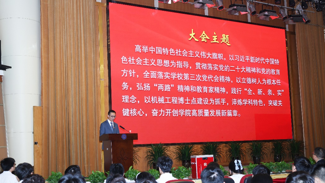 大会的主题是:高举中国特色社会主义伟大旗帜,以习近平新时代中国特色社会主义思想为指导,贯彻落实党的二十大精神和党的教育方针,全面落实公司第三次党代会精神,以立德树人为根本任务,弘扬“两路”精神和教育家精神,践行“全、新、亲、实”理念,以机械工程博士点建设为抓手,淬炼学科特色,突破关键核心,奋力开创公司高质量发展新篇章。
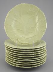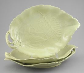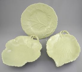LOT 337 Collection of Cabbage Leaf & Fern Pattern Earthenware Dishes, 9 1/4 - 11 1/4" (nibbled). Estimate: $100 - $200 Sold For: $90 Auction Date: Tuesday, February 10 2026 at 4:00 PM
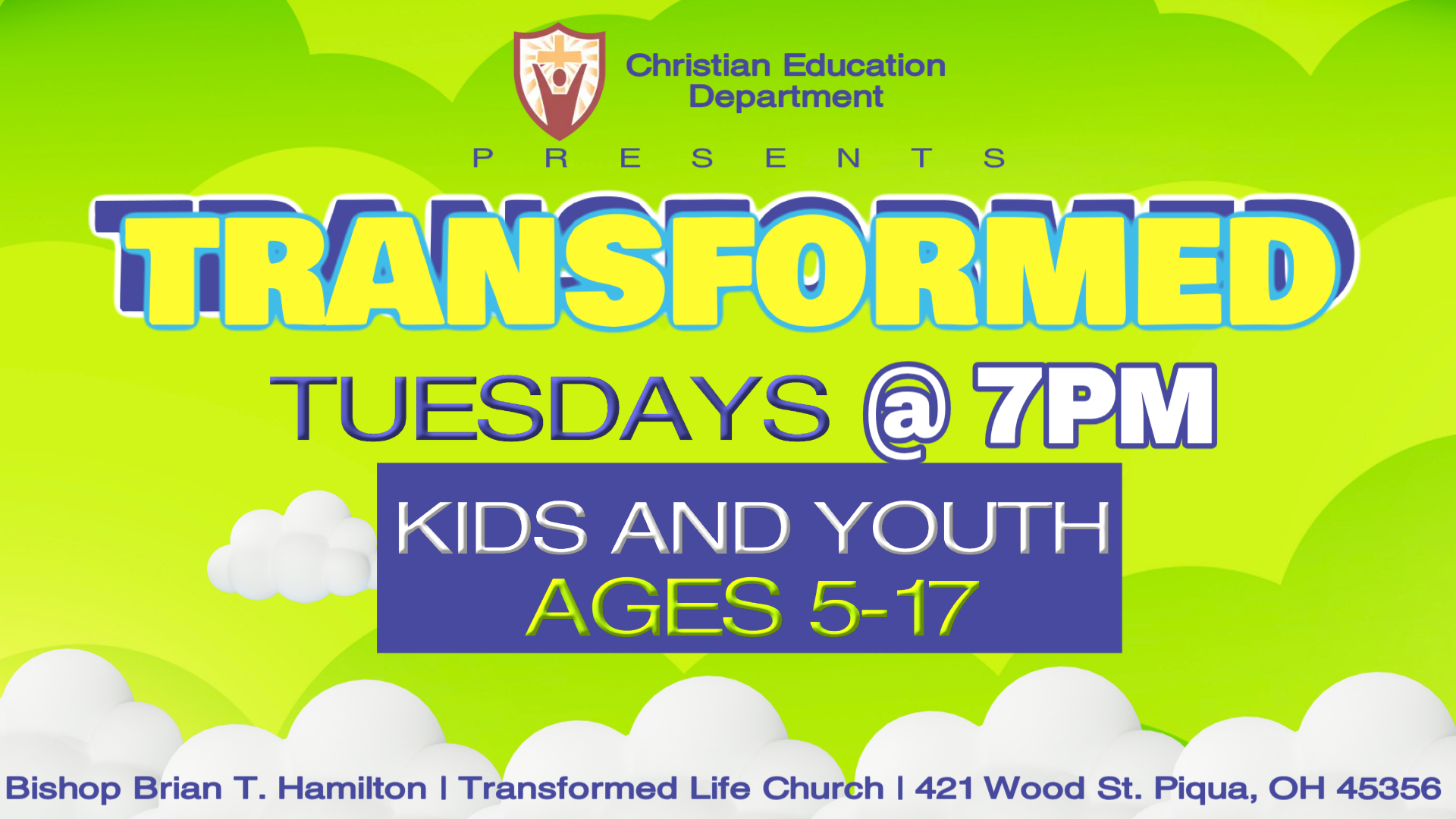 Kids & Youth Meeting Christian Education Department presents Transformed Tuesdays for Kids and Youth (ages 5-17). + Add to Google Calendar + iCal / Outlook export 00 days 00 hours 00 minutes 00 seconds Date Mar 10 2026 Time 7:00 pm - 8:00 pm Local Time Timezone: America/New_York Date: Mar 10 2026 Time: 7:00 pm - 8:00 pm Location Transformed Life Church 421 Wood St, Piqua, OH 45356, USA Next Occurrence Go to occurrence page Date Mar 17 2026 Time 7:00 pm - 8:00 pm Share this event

◆ **How to complete this task**
Leave out the pictures and repeat exactly the lines from the first line of the data through the line containing "LOT 337 Collection". Add nothing else.

◆ **Solution to this task**
 大会的主题是:高举中国特色社会主义伟大旗帜,以习近平新时代中国特色社会主义思想为指导,贯彻落实党的二十大精神和党的教育方针,全面落实公司第三次党代会精神,以立德树人为根本任务,弘扬“两路”精神和教育家精神,践行“全、新、亲、实”理念,以机械工程博士点建设为抓手,淬炼学科特色,突破关键核心,奋力开创公司高质量发展新篇章。
LOT 337 Collection of Cabbage Leaf & Fern Pattern Earthenware Dishes, 9 1/4 - 11 1/4" (nibbled). Estimate: $100 - $200 Sold For: $90 Auction Date: Tuesday, February 10 2026 at 4:00 PM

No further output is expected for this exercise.